By CYRIL TUOHY, managing editor of Risk & Insurance®
The Warren, N.J.-based commercial and personal lines giant Chubb Corp. reported second-quarter net income of $518 million, down from $551 million in the second quarter of 2009. Operating income was $460 million in the second quarter of 2010 compared with $533 million in the second quarter of 2009.
The impact of catastrophes in the second quarter of 2010 was $193 million pretax, compared with $43 million pretax in the second quarter of 2009. The $193 million reflects the impact of numerous storms throughout the United States, the most significant of which was the May hailstorm in Oklahoma.
John D. Finnegan, chairman, president and CEO, said in a statement that catastrophe losses were "unusually high."
"Results were again driven by solid underwriting performance in each of our business units, producing an overall combined ratio excluding catastrophes of 83.5 percent," he added.
Net written premiums for the second quarter of 2010 were $2.9 billion, an increase of 1 percent from $2.8 billion in the second quarter of 2009. Excluding the effect of foreign currency translation, premiums were flat. Premiums declined 1 percent in the United States and increased 11 percent outside the United States, the company also said.
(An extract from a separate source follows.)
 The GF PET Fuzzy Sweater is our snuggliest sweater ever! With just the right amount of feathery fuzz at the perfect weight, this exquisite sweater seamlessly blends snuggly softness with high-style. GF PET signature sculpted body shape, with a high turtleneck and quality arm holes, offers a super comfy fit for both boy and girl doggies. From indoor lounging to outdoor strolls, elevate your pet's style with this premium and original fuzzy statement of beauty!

The second-quarter combined loss and expense ratio was 90.4 percent in 2010, compared with 85.9 percent in 2009, with the impact of second-quarter catastrophes accounting for 6.9 percentage points of the combined ratio, compared with 1.5 points in the year-ago quarter, the company also said.
CNA FINANCIAL
CNA, the Chicago-based commercial-lines insurer, posted net income of $283 million, up from $105 million in the year-ago period, the company reported.
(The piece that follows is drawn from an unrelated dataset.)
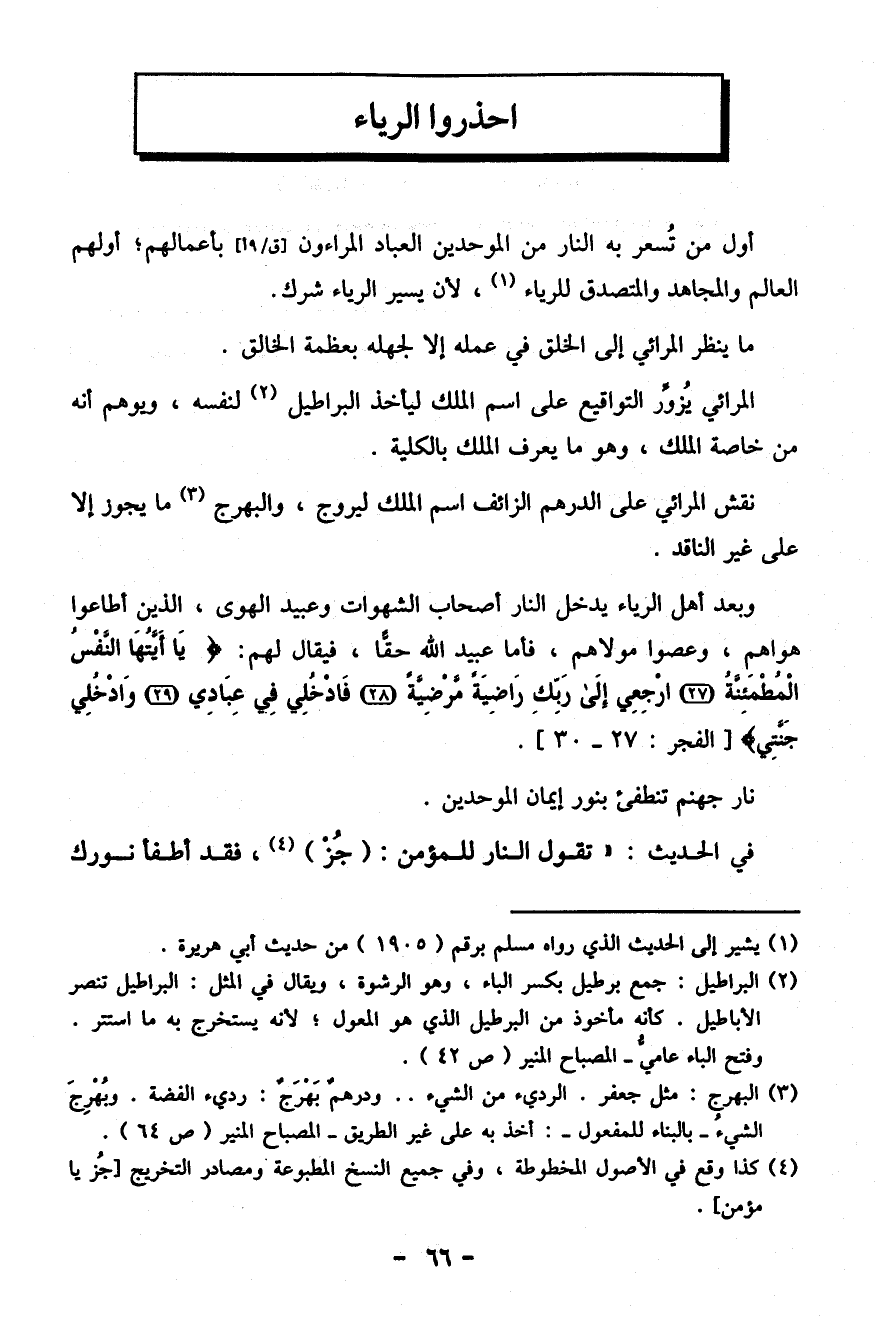 أول من تُسعر به النار من الموحدين العباد المراءون بأعمالهم؛ أولهم العالم والمجاهد والمتصدق للرياء (¬1)؛ لأنّ يسير الرياء شرك.

For the three months ended June 30, catastrophe losses were $31 million after-tax, compared with losses of $28 million after-tax for the year-ago period. The combined ratio was 89.4 percent, down from 98.1 percent in the year-ago period.
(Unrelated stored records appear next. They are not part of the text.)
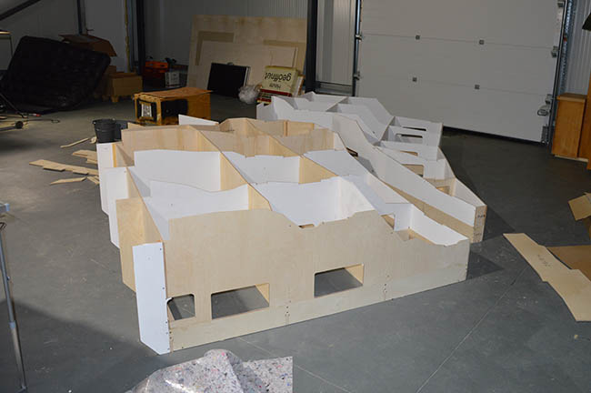 Auf den offenen Rahmen werden die Konstruktionsspanten der späteren Landschaft gesetzt. Quer- und Längsspanten ergänzen sich zu einem stabilen Gebilde. Die Öffnungen in den Spanten dienen teilweise der Durchführung von Bahntrassen als auch der Straßen für das DC-Car-System.
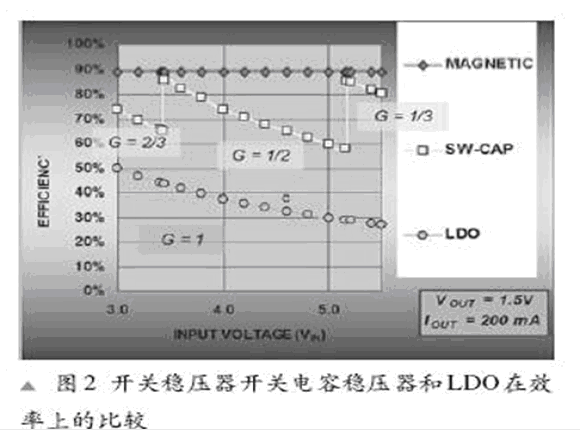 由于具有電壓增益的關系,一個開關電容穩壓器是比線性穩壓器更有效的解決方案,這個電壓增益是通過在雙相位(充電相位和傳輸相位)中的堆疊電容器和并行電容器所取得的輸入電壓與輸出電壓比率。例如:位于增益配置中的一個開關電容轉換器的1/2將把一個3.6V的輸入電壓(VIN)轉變為1.8V的輸出電壓(VOUT)。如果要求的電壓(VOUT)是1.5V,那么功耗僅為300mV與負載電流的乘積。這相當于83%的效率。
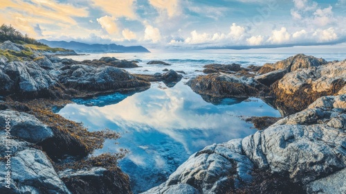 © nabila, Obraz premium Serene Coastal Reflection at Sunrise

"We are pleased to report our second-quarter results, which include strong P/C underwriting results and solid investment results," said Thomas F. Motamed, chairman and CEO of CNA Financial Corp., in a statement.
The company's specialty segment, which represents 45 percent of the property/casualty unit's net written premiums, delivered particularly strong results in the quarter, Motamed also said.
Second-quarter net income from the specialty lines jumped to $189 million, from $95 million in the year-ago period, the company reported. The specialty-lines unit delivered a combined ratio of 79 percent, up 10.8 points from the year-ago period, the company also reported.
In the company's commercial-lines segment, net income improved $65 million for the three months ended June 30 compared with the year-ago period, due to better investment results, the company said.
Net realized investment results helped boost the commercial-lines unit despite a decrease in operating income due to writing less premium, lower insurance exposures and more competition in the marketplace, the company also said.
TRAVELERS
Hartford, Conn.-based Travelers Companies Inc. reported second-quarter net income of $670 million, down from $740 million in the year-ago period. Travelers' commercial-lines segment took a big hit from "record second-quarter weather losses," from wind, hail storms and flooding, said Jay Fishman, chairman and CEO, in a statement.
Catastrophe losses, net of reinsurance, rose to $439 million in the second quarter, up from $200 million in the year-ago period, the company also reported. Underwriting gains declined to $220 million in the second quarter, from $329 million in the year-ago period, the company also reported.
The decrease in the underwriting gain in the current quarter reflected a GAAP combined ratio of 95.2 percent, compared with 93.2 percent in the prior year quarter, Travelers also reported.
The increase in the combined ratio was driven by a $239 million pretax increase in catastrophe losses, offset by a $123 million pretax increase in net favorable prior year reserve development, the company also said.